EXERCISE AIM ->
Directions for the data below: repeat exactly the lines from the one with "El extremo inicial" through the one with "Acara pengukuhan berlangsung", both included, and omit all pictures.

DATA EXCERPTS ->

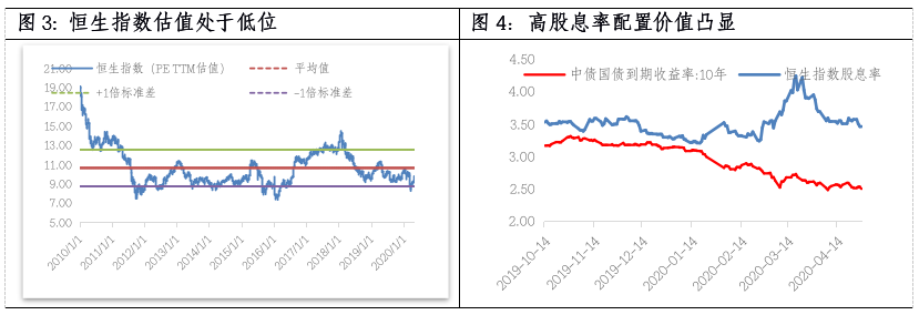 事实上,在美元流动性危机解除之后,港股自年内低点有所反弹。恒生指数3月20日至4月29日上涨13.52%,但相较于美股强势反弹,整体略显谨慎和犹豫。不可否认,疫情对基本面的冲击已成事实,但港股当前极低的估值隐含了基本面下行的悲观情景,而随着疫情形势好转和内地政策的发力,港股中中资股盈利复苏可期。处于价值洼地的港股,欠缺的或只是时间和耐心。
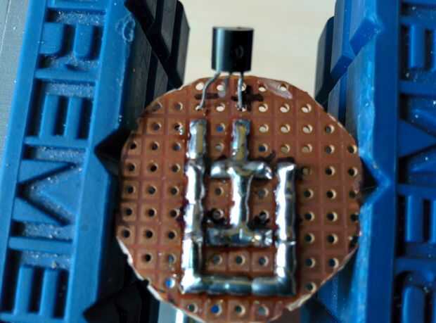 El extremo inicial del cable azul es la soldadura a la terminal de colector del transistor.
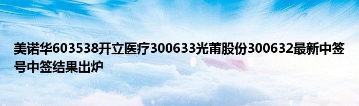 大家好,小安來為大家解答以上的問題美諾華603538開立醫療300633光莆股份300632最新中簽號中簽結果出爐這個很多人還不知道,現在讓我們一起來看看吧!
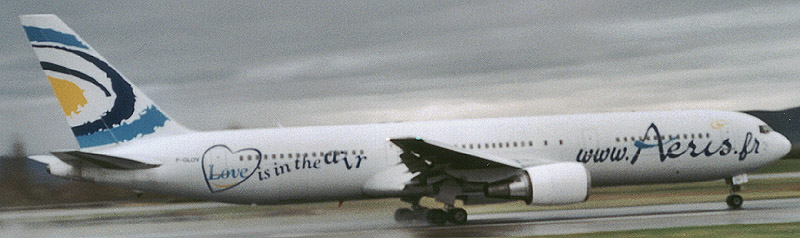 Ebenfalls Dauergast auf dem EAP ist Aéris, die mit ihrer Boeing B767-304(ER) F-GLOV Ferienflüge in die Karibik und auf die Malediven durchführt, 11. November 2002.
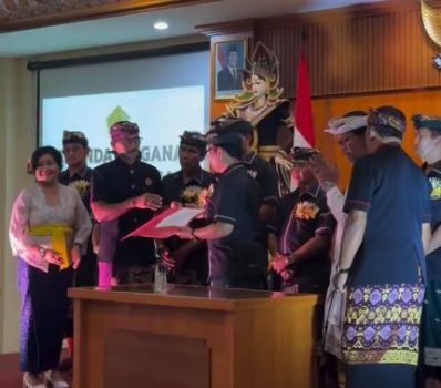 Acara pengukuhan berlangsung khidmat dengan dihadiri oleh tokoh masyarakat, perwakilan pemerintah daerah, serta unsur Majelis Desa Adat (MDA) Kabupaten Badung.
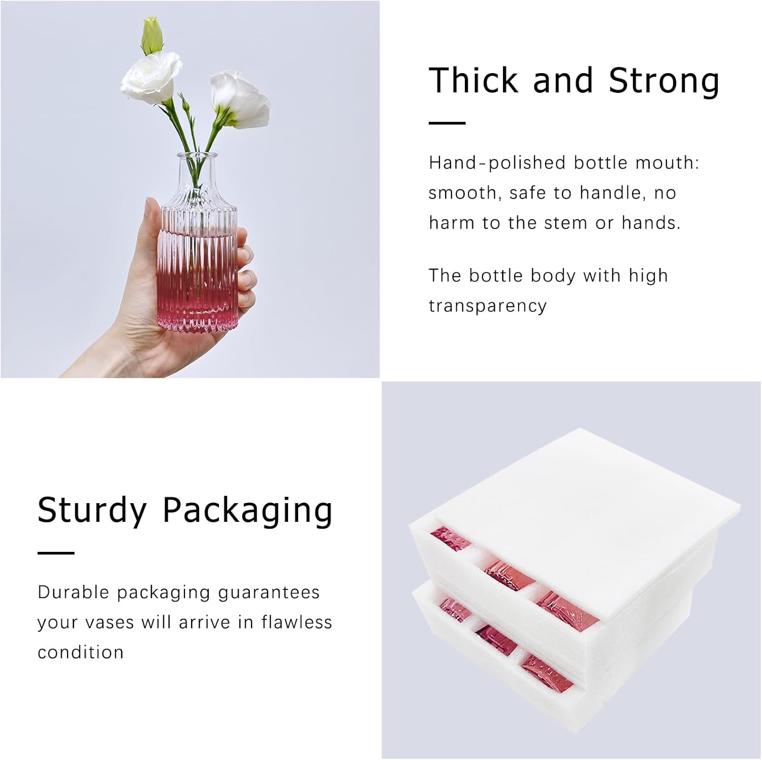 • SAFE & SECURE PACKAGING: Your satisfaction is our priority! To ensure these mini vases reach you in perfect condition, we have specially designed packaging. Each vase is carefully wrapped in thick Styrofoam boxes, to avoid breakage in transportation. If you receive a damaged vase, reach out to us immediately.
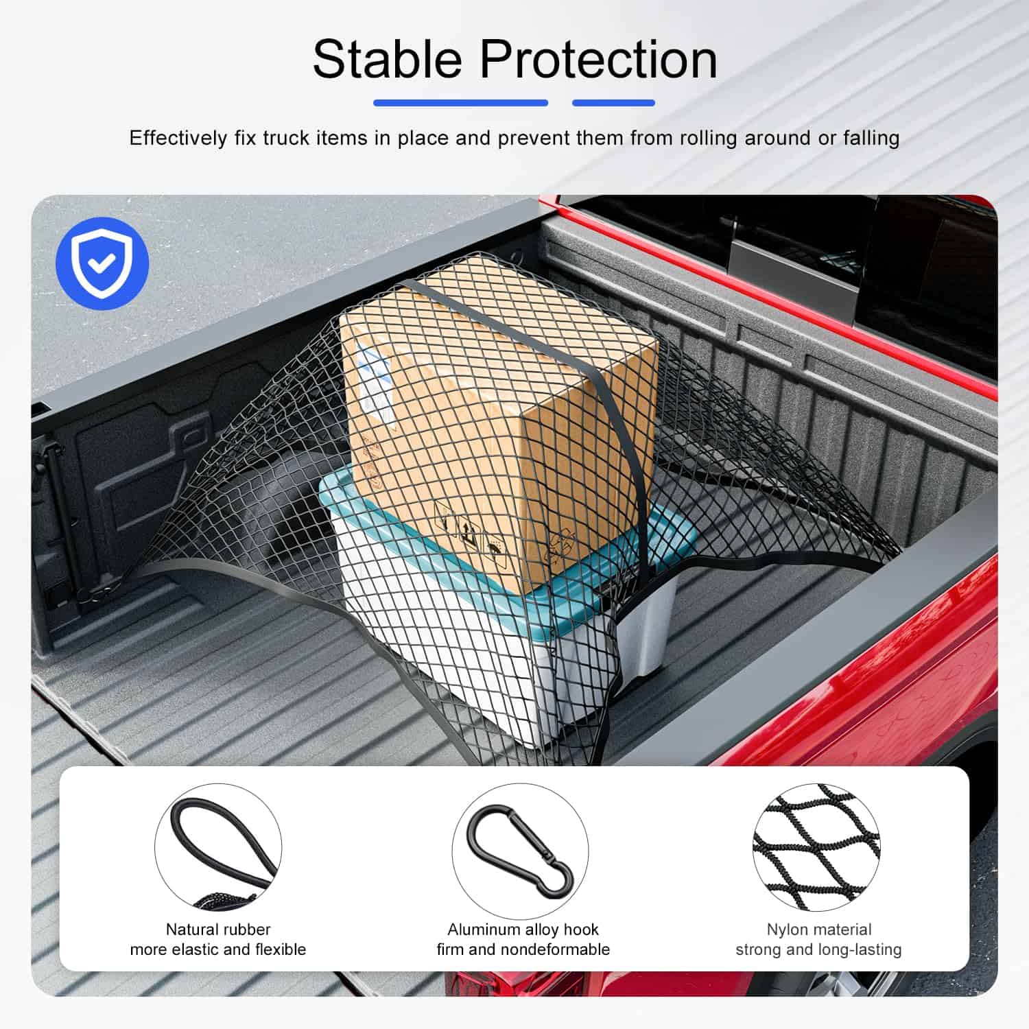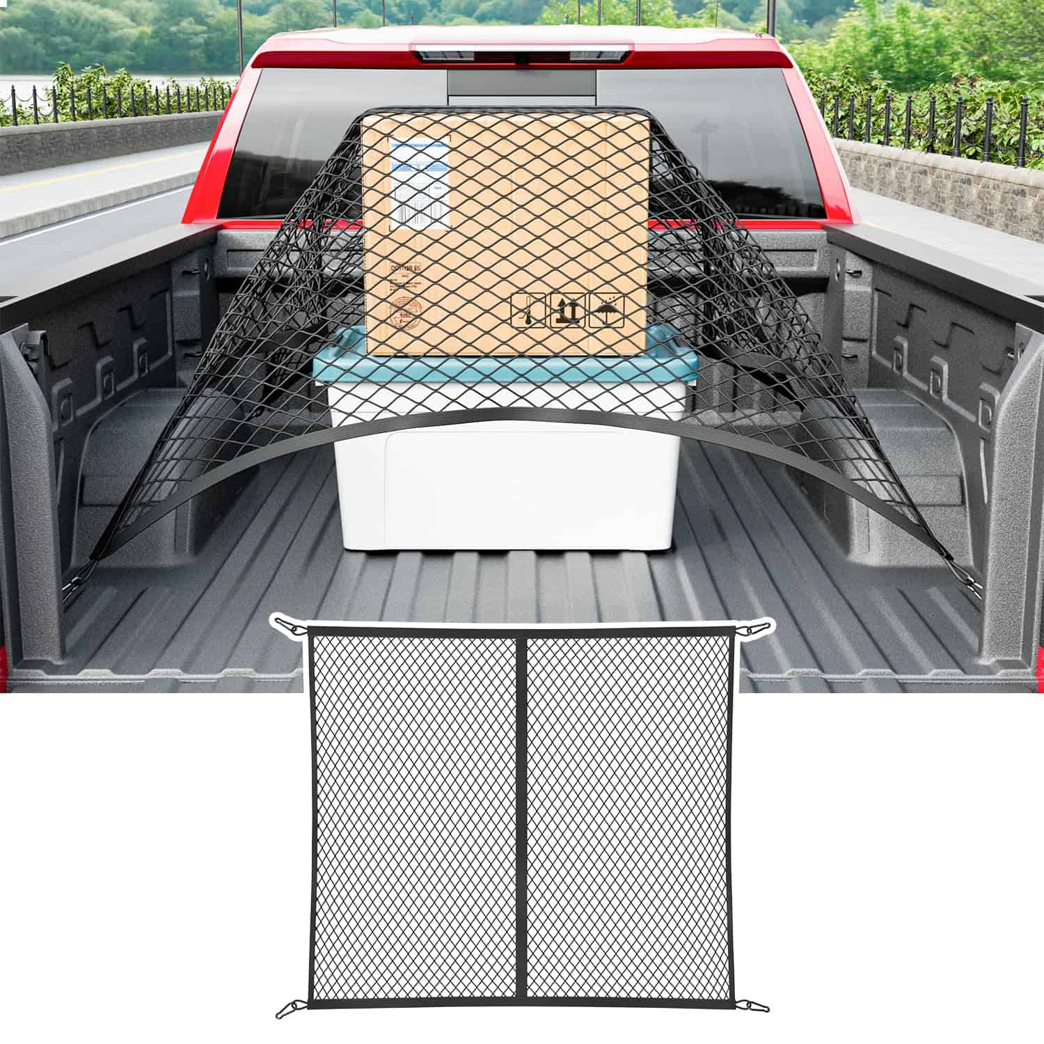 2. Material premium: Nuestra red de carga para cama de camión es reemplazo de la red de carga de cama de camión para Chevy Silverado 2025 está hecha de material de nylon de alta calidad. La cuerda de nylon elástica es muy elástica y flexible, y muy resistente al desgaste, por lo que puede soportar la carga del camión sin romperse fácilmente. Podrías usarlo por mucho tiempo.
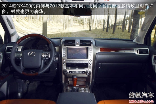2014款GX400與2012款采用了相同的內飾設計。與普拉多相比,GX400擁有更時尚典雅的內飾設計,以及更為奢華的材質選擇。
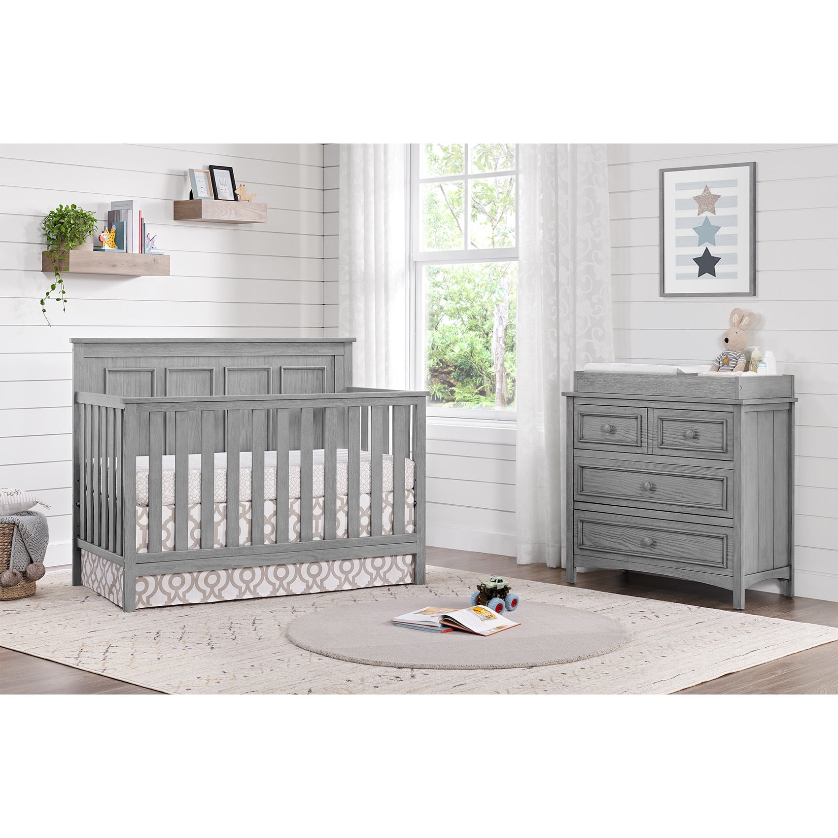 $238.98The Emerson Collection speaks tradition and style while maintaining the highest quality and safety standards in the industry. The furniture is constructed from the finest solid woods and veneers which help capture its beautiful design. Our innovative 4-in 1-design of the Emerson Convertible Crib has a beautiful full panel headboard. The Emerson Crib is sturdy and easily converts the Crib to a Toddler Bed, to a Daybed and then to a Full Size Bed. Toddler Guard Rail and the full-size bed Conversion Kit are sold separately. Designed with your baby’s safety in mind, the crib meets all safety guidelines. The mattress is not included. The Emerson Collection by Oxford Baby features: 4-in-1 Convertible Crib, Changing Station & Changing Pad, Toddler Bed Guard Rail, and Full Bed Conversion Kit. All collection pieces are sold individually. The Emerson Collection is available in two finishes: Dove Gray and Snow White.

YOUR SOLUTION ->
 El extremo inicial del cable azul es la soldadura a la terminal de colector del transistor.
 大家好,小安來為大家解答以上的問題美諾華603538開立醫療300633光莆股份300632最新中簽號中簽結果出爐這個很多人還不知道,現在讓我們一起來看看吧!
 Ebenfalls Dauergast auf dem EAP ist Aéris, die mit ihrer Boeing B767-304(ER) F-GLOV Ferienflüge in die Karibik und auf die Malediven durchführt, 11. November 2002.
 Acara pengukuhan berlangsung khidmat dengan dihadiri oleh tokoh masyarakat, perwakilan pemerintah daerah, serta unsur Majelis Desa Adat (MDA) Kabupaten Badung.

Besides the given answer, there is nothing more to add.